Last month, Democrats turned the race for the 26th congressional district of New York into a referendum on Medicare, and more specifically on the Paul Ryan plan for reforming it. The Republicans lost the seat — after having held it for more than four decades.
Problem was, their candidate was weak, defensive, unschooled, and unskilled in dealing with the issue. Republicans have a year to cure that. If they can train their candidates to be just half as fluent as Ryan in defending their Medicare plan, they would be able to neutralize the issue.
But that in and of itself is a tactical victory for Democrats. Republicans are on the defensive. Democratic cynicism has worked. By deciding to do nothing about debt and entitlements, and instead to simply accuse Republicans of tossing granny off a cliff, they have given themselves an issue.
And more than just an issue. It gives President Obama the perfect opportunity to reposition himself to the center. After his midterm shellacking, he began the (ostensible) move: appointing moderates such as William Daley to high White House positions; making pro-business, anti-regulatory noises; even offering last month a token relaxation of his hard line against oil drilling.

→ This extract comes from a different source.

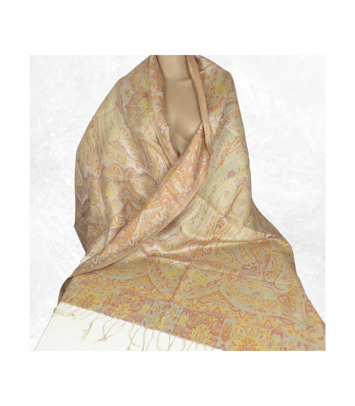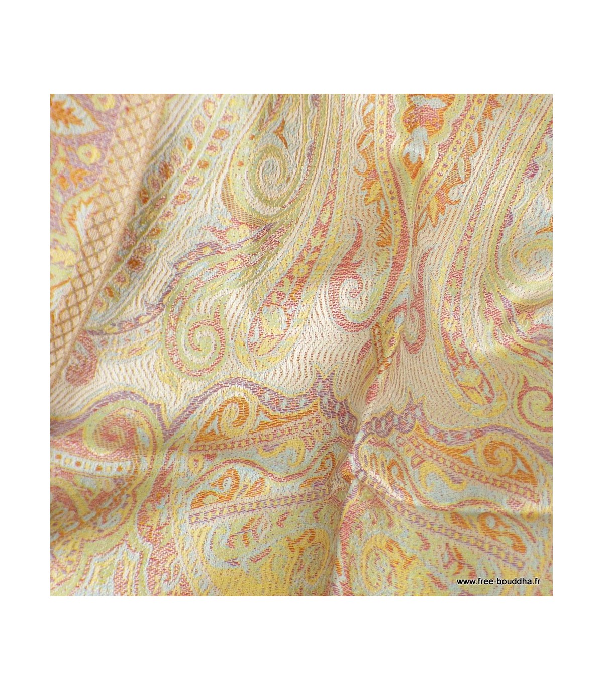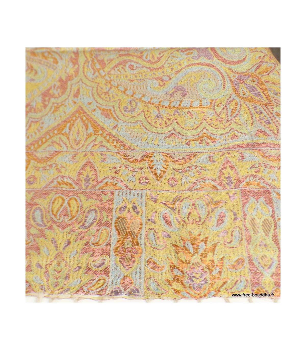 Pashmina en soie authentique – Jaune rouille motifs cachemire

Ostentatious but not very convincing. Now, however, the Obama pitch is stronger: Leftist? On the contrary, I bestride the center like a colossus, protecting Medicare from Republican right-wing social engineering.
It’s not that the ideological case against Obama cannot be made. Obamacare with its individual mandate remains unpopular. The near-trillion-dollar stimulus remains an albatross. Even the failed attempt at cap-and-trade — government control of energy pricing — shows Obama’s determination to fundamentally transform America. And he is sure to try again to complete his coveted European-style social-democratic project if you give him four more years.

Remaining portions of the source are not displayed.